Western Governors Ass'n Seeks to Undo Endangered Species Act

© Ian Kennedy

At the Western Governors' Association’s biannual meeting in Whitefish, Montana today, the governors passed a resolution that would undermine the Endangered Species Act—one of our nation’s most important laws.

The governors claim they "applaud the principles and intent" of the Act and simply want to "improve" it. But they – and we – know that amending the law in the current political climate would incur significant harm on imperiled species and, likely, lead many to disappear forever. Indeed, the resolution prioritizes delisting of species over listing; seeks to prevent judicial challenges of ESA decisions; suggests reducing critical habitat for species; would put states in charge of endangered species protection, despite that many have neither the resources nor the desire to do so; proposes eliminating statutory deadlines for findings under the ESA; and takes issue with the precautionary principle on which listing decisions must be based if we hope to save species in time.

Indeed, since 2015, federal legislators have introduced over 150 legislative proposals that would severely undermine the conservation of threatened and endangered species under the Endangered Species Act. This is despite that the Act enjoys broad bipartisan support, with 94% of self-identified liberals, 94% of self-identified moderates, and 82% of self-identified conservatives supporting the Act in a 2015 Tulchin Research poll. Similarly, in a 2017 poll conducted by Hart Research, approximately 75% of respondents who identified as swing voters opposed dismantling protections for at-risk wildlife. It’s also a remarkably effective law, with a success rate of more than 99%!

Fortunately, some Western governors recognize the Endangered Species Act's importance and voted against the damaging resolution. California’s Governor Jerry Brown (D) even wrote a letter to the WGA saying that “California does not support Congressional action on the Endangered Species Act” because the current Congressional climate “will not result in good conservation policy.”
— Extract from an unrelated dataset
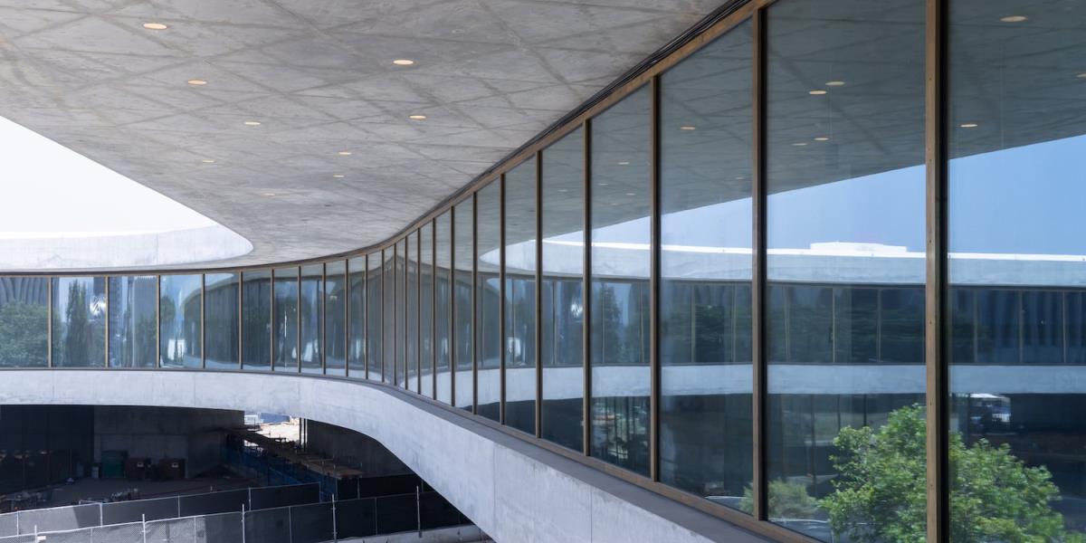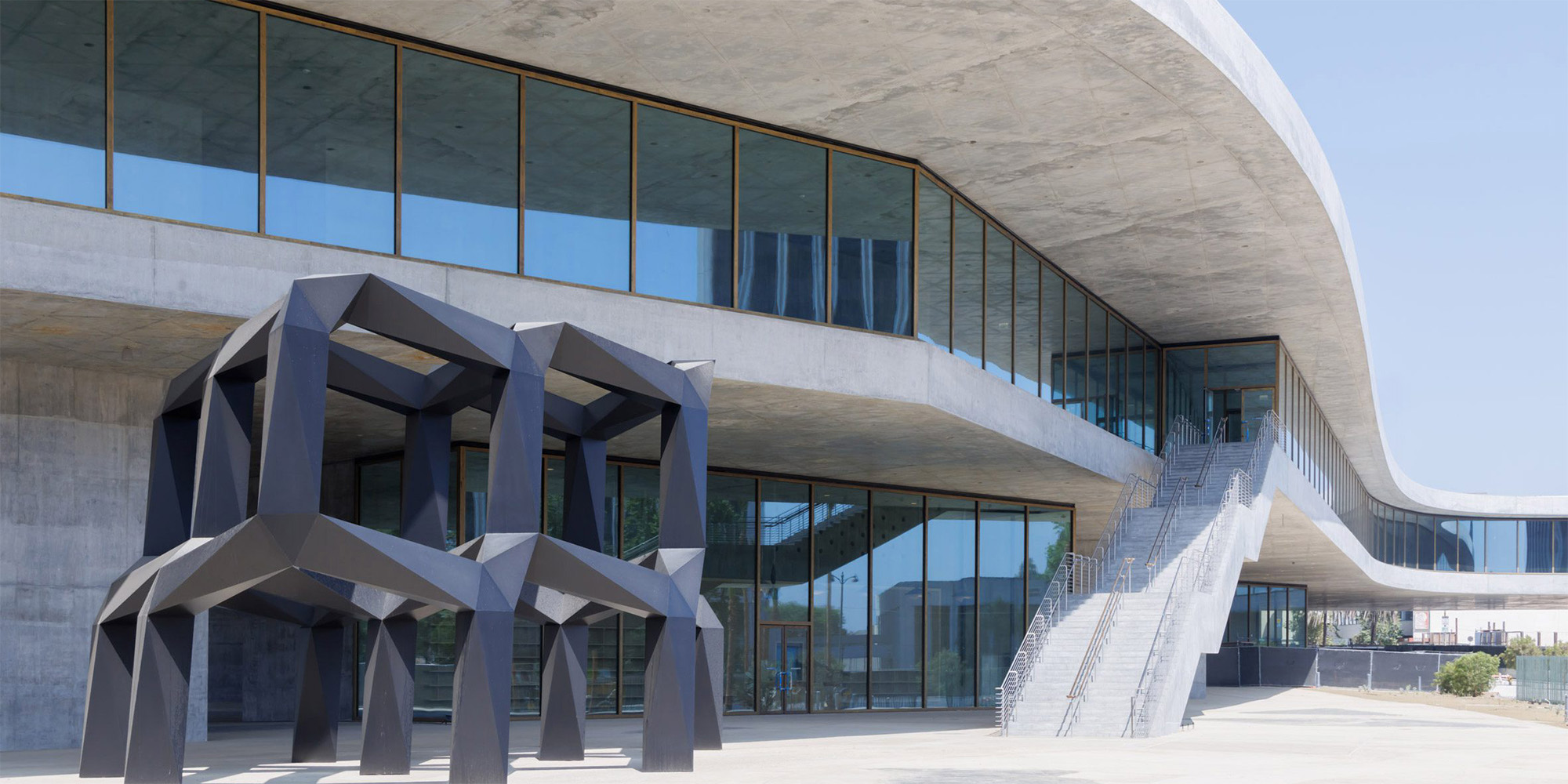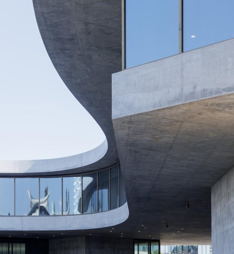 Questa scelta non è solo formale, ma profondamente urbana: il museo diventa infrastruttura, attraversamento e dispositivo di connessione tra parti di città prima separate. Il volume, definito da una geometria curva e continua, è sostenuto da una serie di nuclei strutturali in calcestruzzo che sollevano il livello espositivo principale, liberando il piano terra per funzioni pubbliche, servizi e spazi aperti.
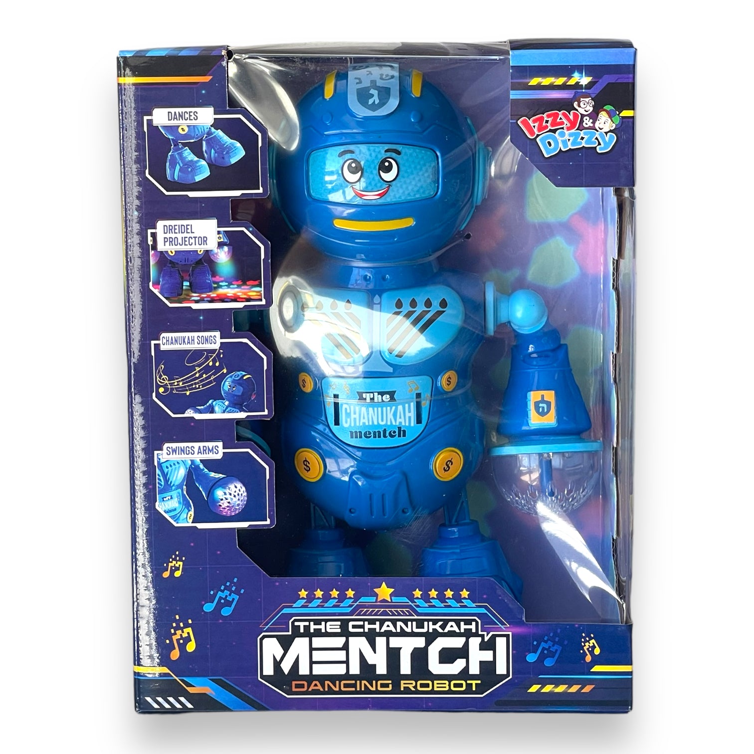 Hanukkah lights and dancing robot singing Hanukkah songs

There’s no doubt that Sen. John Barrasso (R-WY), Chair of the Senate Committee on Environment and Public Works, and Rep. Rob Bishop (R-UT), Chair of the House Natural Resources Committee, will use the WGA resolution as a roadmap for imminent federal legislation gutting the Endangered Species Act. But those efforts will harm the Western landscapes and economies they claim to protect. The genius of the Endangered Species Act is in the approach; not only does it prevent the extinction of individual species, but it also protects the ecosystems on which those species depend. We plan to keep it that way.